2. LED lighting products are still relatively new products, and they have strong potential for continued technological advancement and innovation moving forward. LED lighting technology has been improving rapidly in recent years. Significant advancements in the energy efficiency, light quality, and lifespan of LED bulbs are expected to continue to occur for many years to come. Along with these advancements, the production costs, and therefore the retail prices, of LED lighting will inevitably decrease over time, as they have since these products were first introduced. LED lighting currently possesses only a small share of the commercial lighting market, this technology is becoming increasingly popular and a prosperous growth phase is inevitable for LED lighting in the commercial lighting market.

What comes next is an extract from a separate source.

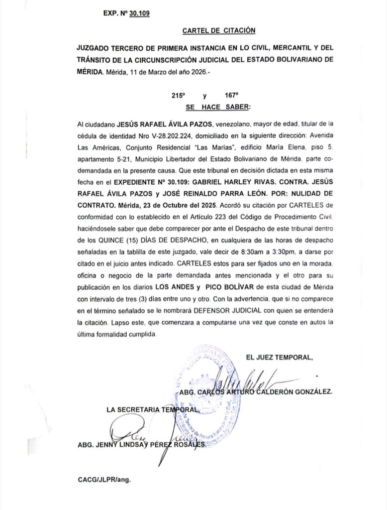 17 0 comentarios 0 FacebookTwitterPinterestEmail Redacción web publicación anterior Cartel de citación al ciudadano JOSÉ REINALDO PARRA LEÓN, titular de la cédula de identidad Nº. V-8.026.477 publicación siguiente Dos lesionados por caída en moto en Santa Barbara Related Articles Convocatoria a Asamblea General Ordinaria de Copropietarios de... 15 de abril de 2026 Edicto: Llamado a Interesados y Posibles Herederos del... 15 de abril de 2026 CARTEL DE CITACION HACE SABER Al ciudadano WILLIAM... 15 de abril de 2026 Anuncio: Primer Cartel de Venta en Pública Subasta... 15 de abril de 2026 Se convoca a todos los propietarios del Conjunto... 14 de abril de 2026 Cartel de citación al ciudadano CARLOS GUSTAVO NAVARRO... 14 de abril de 2026 Cartel de citación a la ciudadana KEYLA JAQUELINE... 14 de abril de 2026 Cartel de citación a la ciudadana LILIANA DAVILA... 14 de abril de 2026 Convocatoria a Asamblea Extraordinaria de la Cooperativa de... 13 de abril de 2026 Cartel de citación al ciudadano JOSÉ REINALDO PARRA... 13 de abril de 2026

3. LED lighting offers a plethora of benefits compared to traditional (Incandescent, CFL) and is highly feasible for widespread use in the commercial sector. LED light bulbs offer substantial advantages over their incandescent and compact-fluorescent counterparts. Despite the fact that the initial cost of LED bulbs is significantly higher than that of traditional types of lighting, the LED bulbs offers substantial energy savings and much longer lifespans. These savings allow the initial cost of LED lighting to be recovered fairly quickly, offering consumers a positive return on their investment. Our team concluded that, from the results of our theoretical and practical cost-benefit analyses, LED lighting is absolutely a viable option to replace traditional incandescent and CFL lighting in the commercial sector.
1. Our team recommends that any business in the LED lighting market should educate its customers on all of the advantages LED products possess over competing products, not solely their potential energy savings.
2. Our team recommends that any business attempting to penetrate the LED lighting market ensures their product is not only innovative but offered at a competitive price.
3. Our team recommends that commercial businesses strongly consider switching from traditional lighting to LED lights.